2004 Denver Annual Meeting (November 7–10, 2004)

Paper No. 11
Presentation Time: 1:30 PM-5:30 PM

EXTRACTING USABLE LINEATION ORIENTATIONS FROM DIGITAL ELEVATION DATA THROUGH NORMALIZED DISCRETIZED SLOPE DIAGRAMS


WASHINGTON, Paul A. and CHENOWETH, M. Sean, Department of Geosciences, Univ of Louisiana at Monroe, Monroe, LA 71209, chenoweth@ulm.edu

Because digital elevation data only reports elevations in iterated intervals for discrete grid points, hillslopes are approximated by discretized panels with uniform orientations and slopes. This obscures the true orientations of hillslopes on which lineation analysis and other statistical orientation analyses are based. Furthermore, the horizontal spacing of the elevation points excludes direct sampling of cliff faces and mutes short high-angle hillslopes; these are the features that commonly provide the best source for traditional manual slope orientation analysis.

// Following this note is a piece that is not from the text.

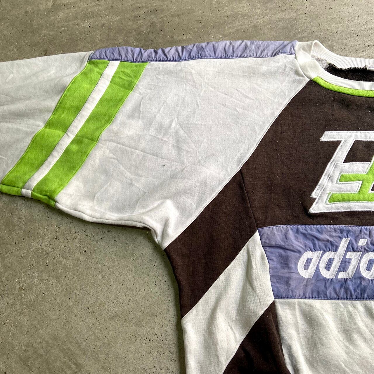 80年代 アディダス TEAM ロゴ刺繍 切替 スウェットシャツ メンズXL相当 古着 80S ヴィンテージ ビンテージ adidas トレーナー ホワイト ブラック 白 黒 【スウェット】

Traditional statistical analysis of hillslope orientation using ARCVIEW and similar software packages produces biased orientations because: 1) the orientations of low-slope surfaces that dominate most land surfaces are more coarsely iterated than the higher slope surfaces that provide most of the critical information, and 2) the boundaries between the orientation iterations vary with slope and do not conform to traditional statistical orientation boundaries. To overcome these limitations, we have developed a method for graphically representing the data so that the useful information can be extracted. The information that needs to be represented includes orientation, slope, and frequency. This is best represented in a grid plot of the frequency of poles to the TIN elements. The outer edges of the plot provide the most useful information, but are also the areas with the lowest frequencies. To aid in extraction of the useful orientations, the frequencies of each discrete orientation-slope point are normalized to the measured total slope frequency for the study area. The resulting normalized discretized slope diagrams allow a reasonable approximation of the hillslope orientations needed for lineation analysis.